Ora, ci sono centinaia (se non migliaia) di esercizi diversi tra cui scegliere. Quindi, come si fa a decidere su quale concentrarsi?

Semplice: usa gli esercizi che ti permettono di sollevare il maggior peso.

Questi esercizi reclutano il maggior numero di fibre nel tessuto muscolare e attivano il maggior numero di unità motorie nel sistema nervoso. E questi 2 fattori si combinano per aumentare i tassi di sintesi proteica muscolare e indurre la crescita più muscolare.

Questo significa che si dovrebbe concentrarsi su sempre più forte facendo esercizi composti.

Gli esercizi composti sono esercizi che lavorano diversi grandi gruppi muscolari allo stesso tempo. Questo ti permette di sollevare il maggior peso facendo questi movimenti.

Gli esercizi composti efficaci includono: squat, affondi, panca, tuffi, pull up, stacchi, pressa della spalla, e righe. Questi esercizi dovrebbero essere al centro dei tuoi allenamenti.
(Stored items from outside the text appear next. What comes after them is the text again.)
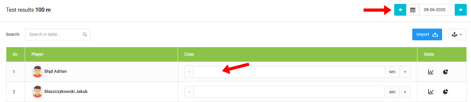 Para começar a preencher os resultados, você precisa clicar em "lista de testes" no menu à esquerda. Após clicar, você irá para a lista de testes. Lá você encontrará seus testes e alguns testes básicos preparados por nós. Estes incluirão uma corrida de 5m, corrida de 20m, corrida de 30m e teste de beep. Após clicar em um determinado teste, você verá uma lista de jogadores participando do teste. Se não houver testes no dia atual, você verá campos vazios com espaço para inserir os resultados do teste. Para alterar a data do teste, clique no campo de data no canto superior direito da janela.
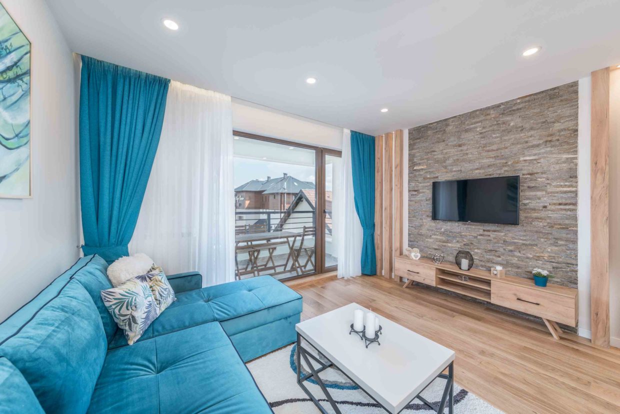Apartman je ukupne površine 44 m2. Komforan, sa jednom spavaćom sobom, dnevnim boravkom, kuhinjom sa trpezarijom, kupatilom I terasom, predstavlja idealno mesto za odmor na našoj prelepoj planini.
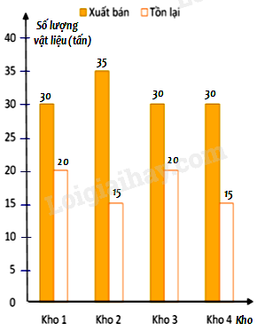 Một công ty kinh doanh vật liệu xây dựng có bốn kho hàng có 50 tấn hàng. Kế toán của công ty lập biểu đồ cột kép ở hình bên biểu diễn số lượng vật liệu đã xuất bán và số lượng vật liệu còn tồn lại trong mỗi kho sau tuần lễ kinh doanh đầu tiên.
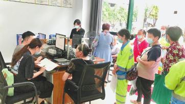 最近,遂宁高新区新入职了一批环卫工人,需要办理工资卡,但由于工作比较忙,工作时间难以到银行网点办理。工行遂宁物流港支行党支部在了解情况后,立即组建金融服务小组,带上移动设备,主动上门服务。
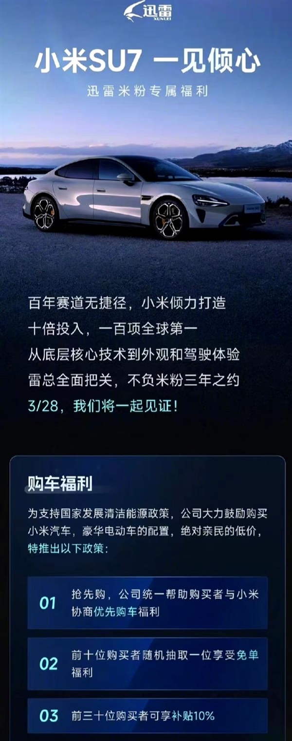 而在3月26日,該海報(bào)信息被迅雷公司撤回,但迅雷方面表示并非取消了購(gòu)車福利,而是等3月28日小米SU7上市后調(diào)整福利政策。
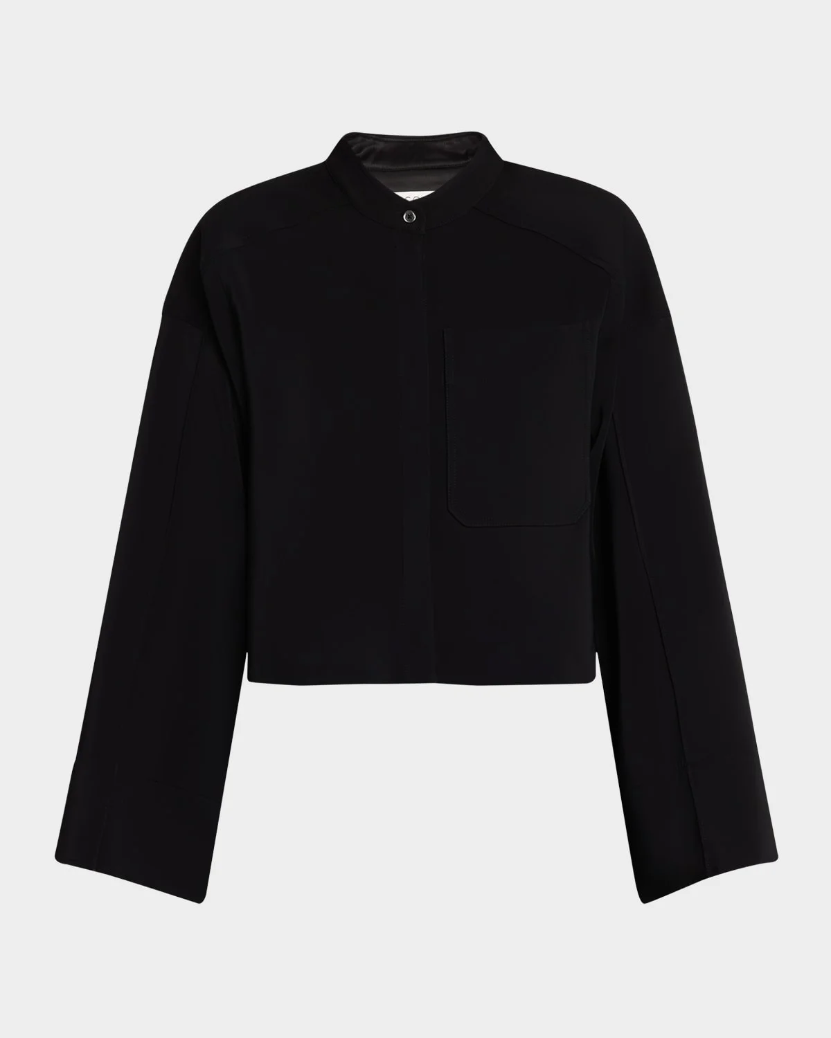 - Co shirt featuring bell sleeves and a chest patch pocket - Band collar; concealed button front - Long flare sleeves - Boxy fit - Hip length - Viscose/elastane - Imported

E dovresti cercare di diventare più forte e sollevare più peso (o fare più ripetizioni) ogni volta che li fai.

Passo #3: Riposo, riposo, riposo!

Fatto #1: Costruisci muscoli quando stai riposando, NON quando ti alleni.

Quando ti alleni, sei in uno stato catabolico in cui il tuo corpo sta abbattendo il tessuto muscolare. Entri solo in uno stato anabolico in cui il tuo corpo sta costruendo muscoli quando riposi.

Fatto #2: Il tuo corpo rilascia ormoni anabolizzanti quando dormi.

Ormoni anabolizzanti come HGH e testosterone sono in gran parte responsabili per aumentare i tassi di sintesi proteica muscolare (e quindi la costruzione di nuovo tessuto muscolare). E il tuo corpo secerne naturalmente questi ormoni in quantità maggiori mentre stai dormendo.

Ciò significa che è necessario prendere giorni liberi… e dormire a sufficienza!

Se sollevi pesi ogni singolo giorno, sopprimerai effettivamente i tuoi livelli di sintesi proteica muscolare e ti impedirai di costruire nuovi muscoli. Questo è il motivo per cui consiglio di fare allenamenti per tutto il corpo solo 3 giorni a settimana.

Inoltre si dovrebbe mirare a ottenere 7-8 ore di sonno per notte. Questo farà sì che non si sta limitando la quantità di ormoni anabolizzanti il vostro corpo è naturalmente rilasciando. Alcuni consigli per migliorare la qualità del sonno includono:

  • non guardare schermi per 1 ora prima di andare a letto
  • Tenere la camera fresca (uso AC o finestre aperte)
  • Completamente chiuso vostre persiane e tende per oscurare la stanza

Queste semplici modifiche possono migliorare notevolmente la vostra capacità di addormentarsi (e rimanere addormentato tutta la notte).

E questo è un involucro! Se segui questi 3 passaggi, ti garantisco che costruirai nuova massa muscolare ad un ritmo ottimale avoid ed eviterai di ingrassare nel processo.